> [Task statement]: All lines in the records below from the line with "The confusion matrix" through the line with "Zadn zajačie stehná" are to be given again exactly, both ends included; the pictures are to be left out.
(Beginning of Supplied material)
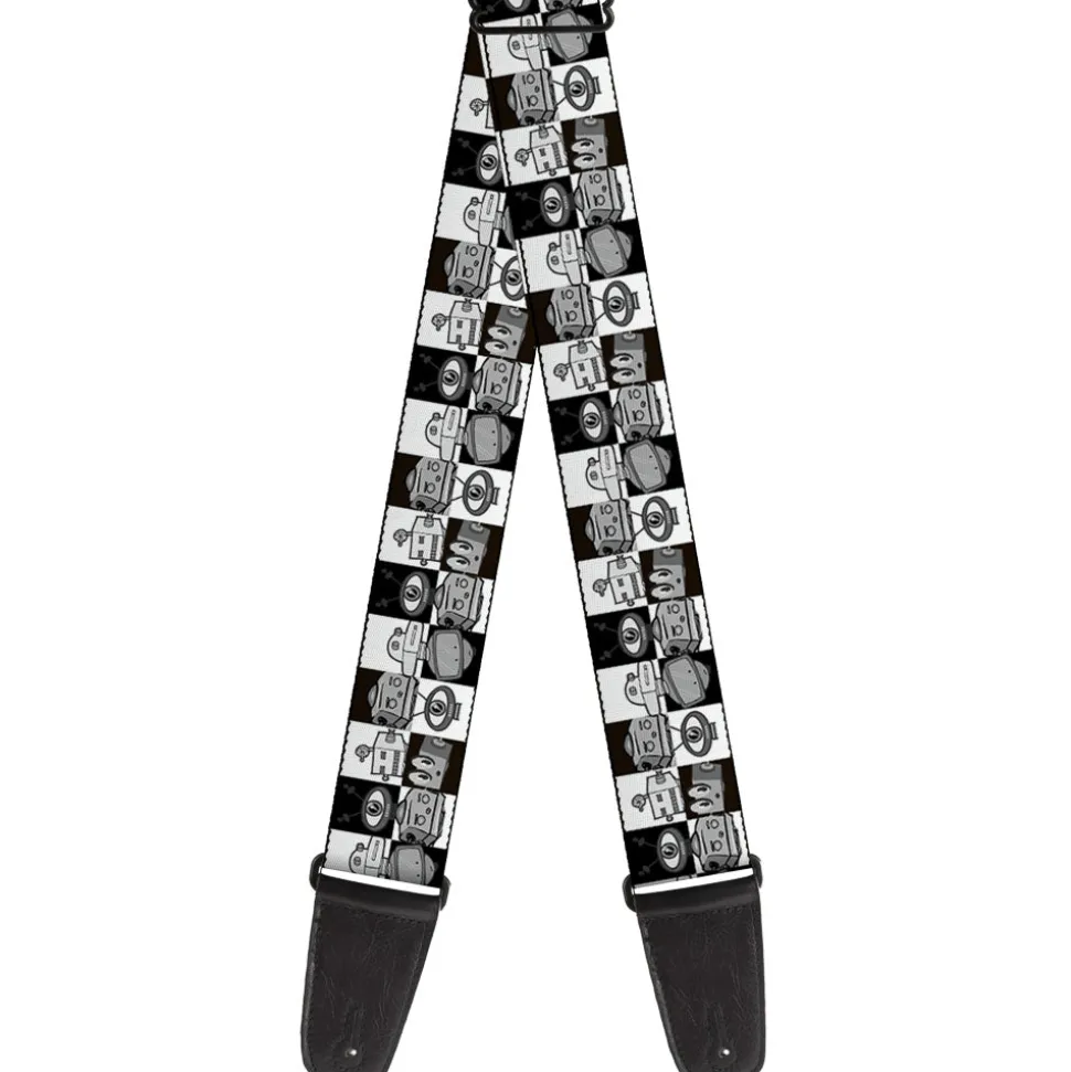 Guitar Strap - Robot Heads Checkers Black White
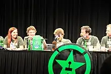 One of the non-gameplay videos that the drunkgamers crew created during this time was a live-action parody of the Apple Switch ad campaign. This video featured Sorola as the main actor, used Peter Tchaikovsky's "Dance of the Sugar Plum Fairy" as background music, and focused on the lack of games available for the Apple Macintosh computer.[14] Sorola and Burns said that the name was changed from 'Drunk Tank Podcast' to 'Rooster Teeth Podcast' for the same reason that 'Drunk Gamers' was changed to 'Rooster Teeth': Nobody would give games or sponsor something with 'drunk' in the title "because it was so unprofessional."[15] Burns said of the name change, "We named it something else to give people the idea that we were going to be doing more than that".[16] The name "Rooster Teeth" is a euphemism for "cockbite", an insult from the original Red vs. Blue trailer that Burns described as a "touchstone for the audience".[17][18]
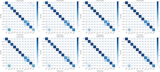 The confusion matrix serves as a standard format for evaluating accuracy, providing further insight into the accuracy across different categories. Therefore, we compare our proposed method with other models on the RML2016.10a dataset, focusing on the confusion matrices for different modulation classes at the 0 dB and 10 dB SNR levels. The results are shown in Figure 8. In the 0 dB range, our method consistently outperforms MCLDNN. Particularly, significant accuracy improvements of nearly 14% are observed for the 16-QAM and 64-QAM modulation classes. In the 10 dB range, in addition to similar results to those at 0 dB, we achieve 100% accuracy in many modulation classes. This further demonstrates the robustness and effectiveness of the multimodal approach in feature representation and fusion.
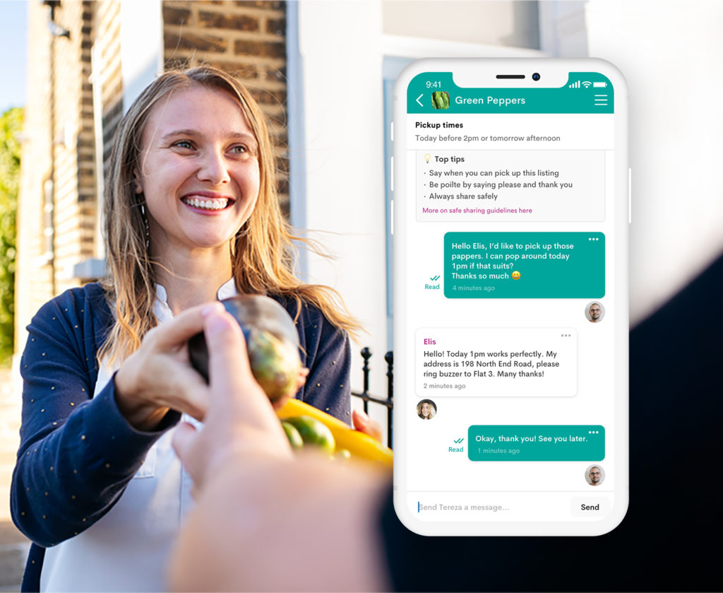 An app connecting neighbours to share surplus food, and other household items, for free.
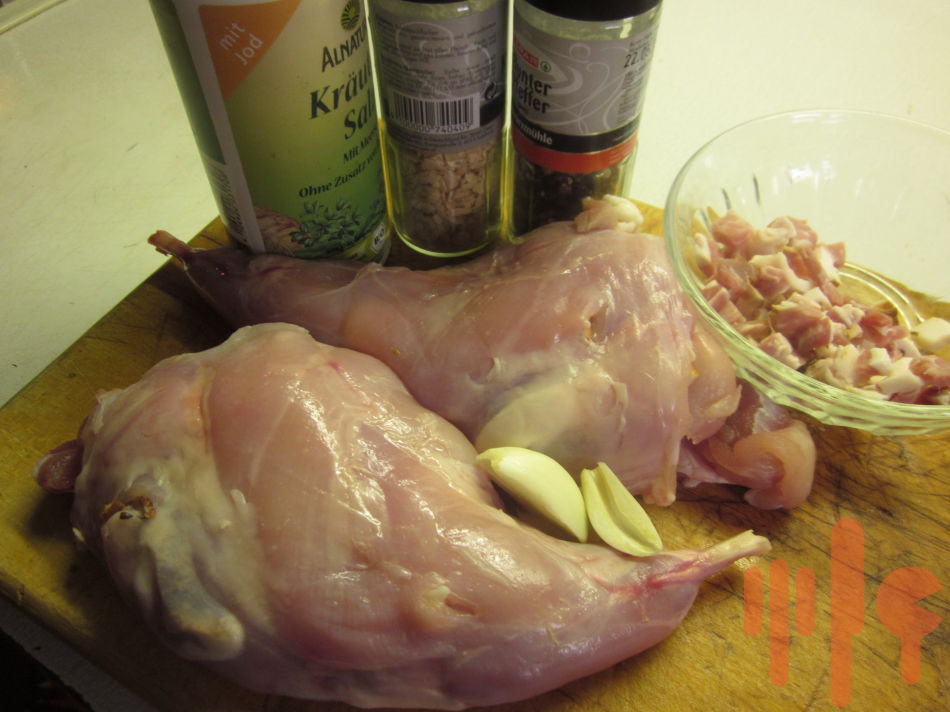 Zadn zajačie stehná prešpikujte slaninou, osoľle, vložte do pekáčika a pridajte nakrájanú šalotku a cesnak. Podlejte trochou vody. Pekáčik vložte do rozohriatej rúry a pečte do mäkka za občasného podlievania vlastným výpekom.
(End of Supplied material)
(Beginning of Supplied material)
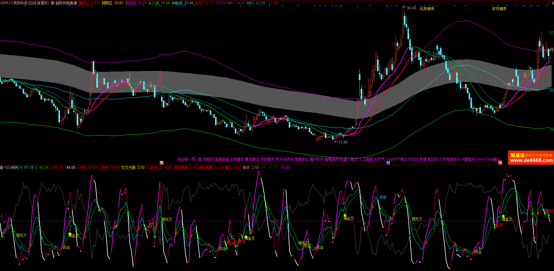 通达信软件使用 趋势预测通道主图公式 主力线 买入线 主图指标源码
(End of Supplied material)
> [Final answer]:
 The confusion matrix serves as a standard format for evaluating accuracy, providing further insight into the accuracy across different categories. Therefore, we compare our proposed method with other models on the RML2016.10a dataset, focusing on the confusion matrices for different modulation classes at the 0 dB and 10 dB SNR levels. The results are shown in Figure 8. In the 0 dB range, our method consistently outperforms MCLDNN. Particularly, significant accuracy improvements of nearly 14% are observed for the 16-QAM and 64-QAM modulation classes. In the 10 dB range, in addition to similar results to those at 0 dB, we achieve 100% accuracy in many modulation classes. This further demonstrates the robustness and effectiveness of the multimodal approach in feature representation and fusion.
 An app connecting neighbours to share surplus food, and other household items, for free.
 Zadn zajačie stehná prešpikujte slaninou, osoľle, vložte do pekáčika a pridajte nakrájanú šalotku a cesnak. Podlejte trochou vody. Pekáčik vložte do rozohriatej rúry a pečte do mäkka za občasného podlievania vlastným výpekom.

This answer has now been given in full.